Task goal:
Could you copy exactly the lines below, beginning at the line with "Батюкова В.Е. К" and stopping after the line with "車椅子体験を行いました。子ど", with no pictures?

Supplied records:
****

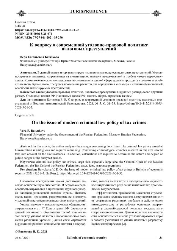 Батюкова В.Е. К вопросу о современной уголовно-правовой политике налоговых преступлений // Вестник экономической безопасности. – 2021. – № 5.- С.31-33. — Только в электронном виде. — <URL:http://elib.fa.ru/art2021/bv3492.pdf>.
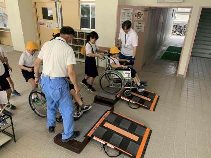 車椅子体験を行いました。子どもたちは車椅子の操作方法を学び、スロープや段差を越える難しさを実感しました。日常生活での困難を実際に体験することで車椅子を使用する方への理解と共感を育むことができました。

****

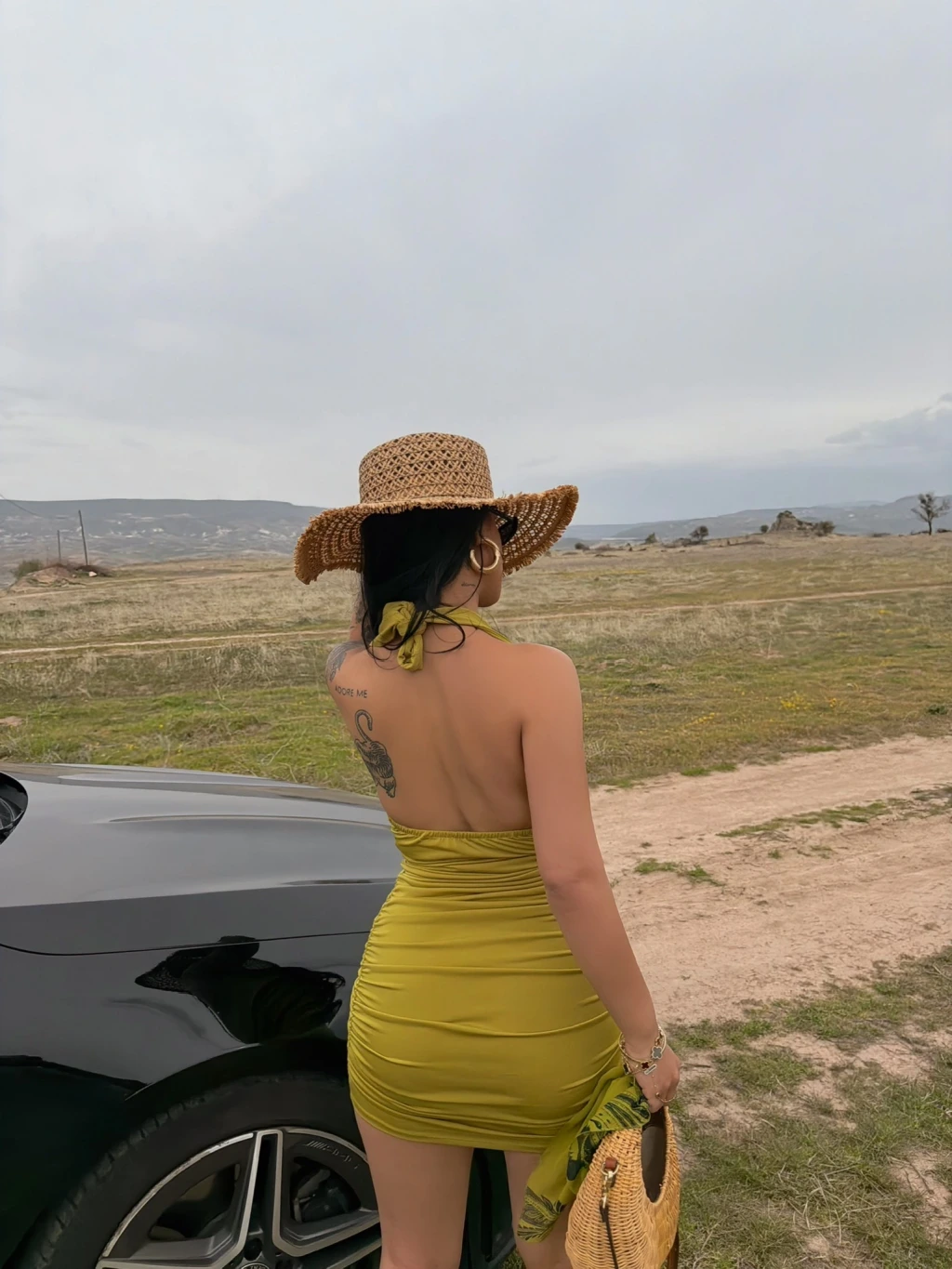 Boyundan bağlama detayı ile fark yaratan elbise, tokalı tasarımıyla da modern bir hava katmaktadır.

****

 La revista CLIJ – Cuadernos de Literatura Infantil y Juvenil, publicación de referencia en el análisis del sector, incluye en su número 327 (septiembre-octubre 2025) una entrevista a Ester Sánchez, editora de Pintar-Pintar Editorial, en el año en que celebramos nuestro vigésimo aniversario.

****

Your solution:
 Батюкова В.Е. К вопросу о современной уголовно-правовой политике налоговых преступлений // Вестник экономической безопасности. – 2021. – № 5.- С.31-33. — Только в электронном виде. — <URL:http://elib.fa.ru/art2021/bv3492.pdf>.
 車椅子体験を行いました。子どもたちは車椅子の操作方法を学び、スロープや段差を越える難しさを実感しました。日常生活での困難を実際に体験することで車椅子を使用する方への理解と共感を育むことができました。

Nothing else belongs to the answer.